085 297338 / 338 3815371

(Eurosport)

È stato un mese di maggio senza tregua, gli appuntamenti, sia pubblici che privati, mi hanno lasciato un tempo davvero ridotto per riflettere sulle notizie che andavo registrando giorno per giorno.

E proprio oggi, leggendo la rubrica di Luigi Garlando su Sportweek ho potuto intessere i diversi fili che ho lasciato s’intrecciassero nell’insieme organico delle ultime settimane. Sono stata attratta, infatti, dalla sottolineatura di Garlando nel riconoscere a un marcatore puro come Chiellini di essere un esempio per i ragazzi o meglio una piccola lezione di educazione civica sul senso del dovere, sullo spirito di solidarietà e di sacrificio e sulla necessità di aiutare un compagno in difficoltà. Come spesso accade, l’ambiente sportivo offre spaccati di una vita vissuta sul campo che sono semplici da interpretare e, anche per questo, risultano efficaci nel suggerire, soprattutto ai giovani, quei comportamenti convenienti per costruire una società migliore. Prendendo come riferimento il programma d'azione dell’Agenda 2030 per lo Sviluppo Sostenibile, sottoscritto nel settembre 2015 dai governi dei 193 Paesi membri dell’ONU, nei prossimi 8 anni saranno ancora numerose le opportunità di creare dei collegamenti necessari tra cultura, sport, scuola, famiglia, pace e giustizia. Cogliere, ad esempio, i sentimenti più istintivi dei giovani e metterli in relazione con ciò che può insegnare una carriera calcistica, come nel caso di Giorgio Chiellini, potrebbe essere un’idea da sviluppare. Però, se l’intento è quello di ispirare i giovani con l’entusiasmo di guardare al futuro all’insegna del valore collettivo dell’aiuto reciproco, allora occorre aggiungere dell’altro.
Abbiamo bisogno, sì, di comportamenti virtuosi, esempi presi dal campo ed esperienze vissute, ma per accompagnare le nuove generazioni nella loro crescita bisogna anzitutto sollecitare la volontà di creare un futuro. Rendere omaggio, quindi, a un comportamento proattivo, che scavalli il mito abusato della resilienza e si caratterizzi per un’attenzione particolare alle storie. Perché, citando Donna Tartt, scrittrice statunitense, vincitrice del Premio Pulitzer, la narrazione ha aiutato l’umanità a trovare un disegno nel tessuto più ampio che si estende ben oltre l’esistenza individuale.

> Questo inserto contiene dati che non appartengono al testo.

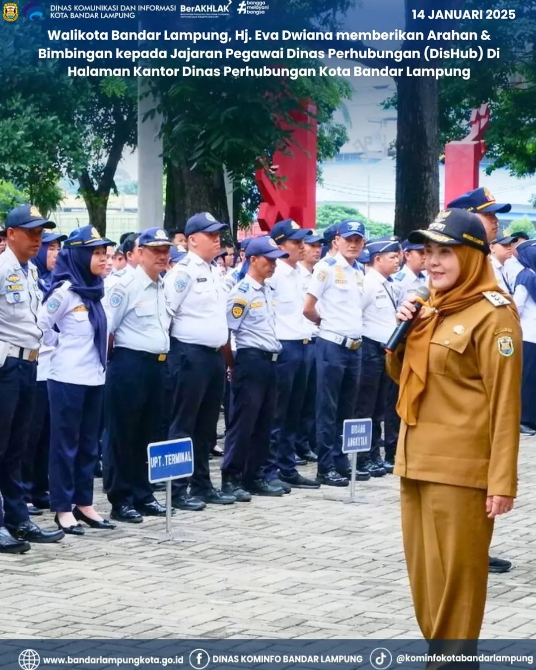 Walikota Bandar Lampung, Hj. Eva Dwiana memberikan arahan & bimbingan kepada Jajaran Pegawai Dinas Perhubungan (DisHub) Di Halaman Kantor Dinas Perhubungan Kota Bandar Lampung. Selasa (14/01/2025).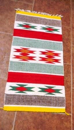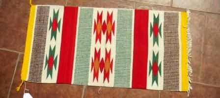 Navajo Saddle Blanket, measuring 40 x 20 inches. Condition is good, Circa 1960. Shipping $18.00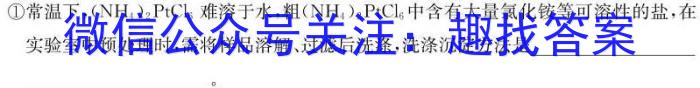 ①常温下,(NH4)2PtCl6;难溶于水,粗(NH4)2PtCl6中含有大量氯化铵等可溶性的盐,在实验室中预处理时,需将样品溶解、过滤后洗涤,洗涤沉淀方法是。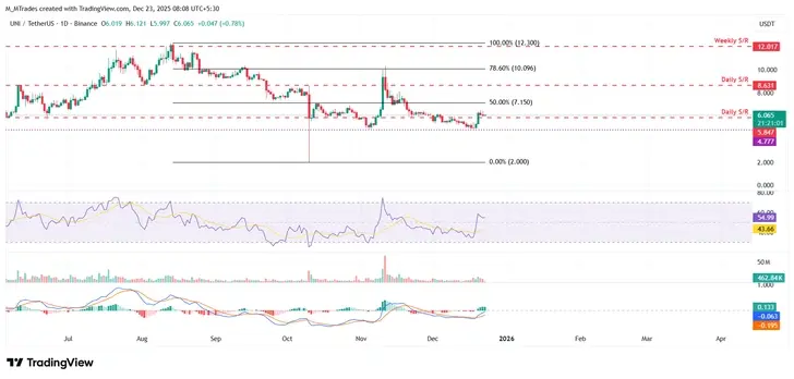 Uniswap (UNI) fiyatı, salı günü yazım sırasında 6$'ın üzerinde kalıyor ve bir önceki hafta kritik bir direnç bölgesinin üzerinde kapanış yaptı. Yatırımcılar, perşembe günü sonuçlanması beklenen ve kısa vadeli önemli bir katalizör olabilecek UNIfication önerisine odaklanıyor. Teknik tarafta, momentum göstergeleri yükseliş sinyalleri veriyor ve yukarı yönlü bir ralliyi işaret ediyor.
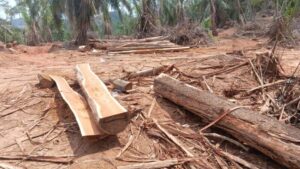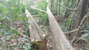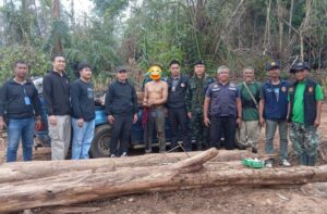 จากการเข้าสำรวจพื้นที่บนสันเขาประมาณ 10 ไร่ พบว่ามีการตัดโค่นต้นไม้ขนาดใหญ่จำนวนหลายร้อยต้น บางส่วนมีการแปรรูปนำออกไปแล้ว บางส่วนยังกองอยู่จำนวนมาก พบแท่นเลื่อยขนาดใหญ่ที่มีใบเลื่อยความกว้างประมาณ 80 นิ้ว ที่ใช้ในโรงงานอุตสาหกรรมขนาดใหญ่ พบรถแทรกเตอร์คันใหญ่ ที่ใช้ในการลากไม้และแปลรูปไม้ ยี่ห้อ Kubota จำนวน 1 คัน และอุปกรณ์ที่กระทำผิด จำนวนมาก จึงได้ยึดไว้เป็นหลักฐาน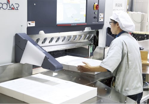 社員の安全を第一に考え、安全装置が充実した断裁機を取り入れています。切断順序等がコンピューター制御で分かりやすく、取り扱いも容易です。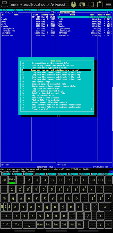 * Lokales Linux PTY wird unterstützt. Fühlen Sie sich frei, PRoot mit einigen Linux-Umgebungen zu verwenden: https://green-green-avk.github.io/AnotherTerm-docs/installing-linux-under-proot.html#main_content .
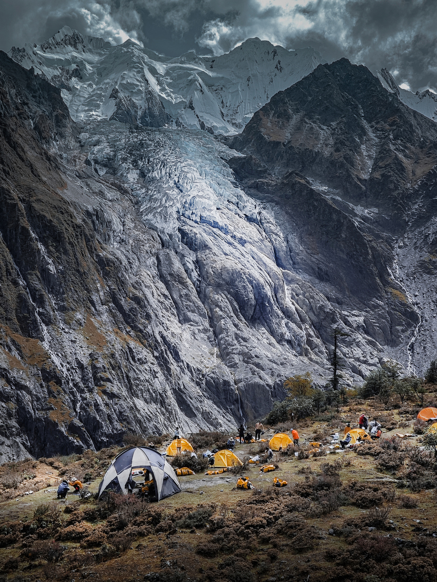这里,和奶日顶卡冰川最近的地方,完整欣赏到这条巨大冰舌,它看起来并不完美,充满着泥沙的污染,夏末,冰舌融化不少,裸露了大量嘿呦的山石,从均坡营地一路顺坡而上翻越次丁垭口,一路持续从下而上欣赏着全方位的冰川,这种超近距离,超大体量给你的巨大压迫感,同时也给了你无法拒绝的吸引力。

Ecco, io credo che lo sport dovrebbe contribuire concretamente a una società migliore all’interno di questa ampiezza. E farlo assumendo delle posizioni aperte e dirette proprio in forza del mondo che gli è proprio: quello della prestazione e dello spettacolo. Mi vengono in mente le recentissime parole di Steve Kerr, allenatore dei Golden State Warriors, durante la conferenza stampa poco prima della partita della finale della Eastern Conference a Dallas. La sua attenzione è stata tutta per le vittime della sparatoria a Uvalde, in Texas. Niente che sapesse di basket, solo dichiarazioni dirette riguardo una legislazione che controlli i possessori di armi e la consapevolezza che la rabbia e il dolore, in alcune circostanze, non possono confluire in un comune minuto di silenzio.
L’obiettivo numero 16 dell’Agenza 2030 prevede la promozione di società pacifiche e inclusive, un accesso universale alla giustizia e la costruzione di istituzioni responsabili ed efficaci a tutti i livelli. Lo sport, dal canto suo, può giungere a delle verità complesse anche attraverso l’immaginazione. Però, bisogna mettere assieme storie diverse, crearne di nuove, prefigurare il futuro mettendo a nudo gli scenari distopici. C’è una parte di noi, la più intima, che ci permette di reagire alle ingiustizie subite, facendo leva sulla cultura e l’istruzione di cui siamo portatori, scansando ogni forma di disonestà. È importante che i giovani lo sappiano e che si rappresentino l’atleta in gioco o l’allenatore a bordo campo, per quello che in realtà dovrebbero essere: persone capaci di praticare con i loro comportamenti, ogni giorno, pace, giustizia e istituzioni solide.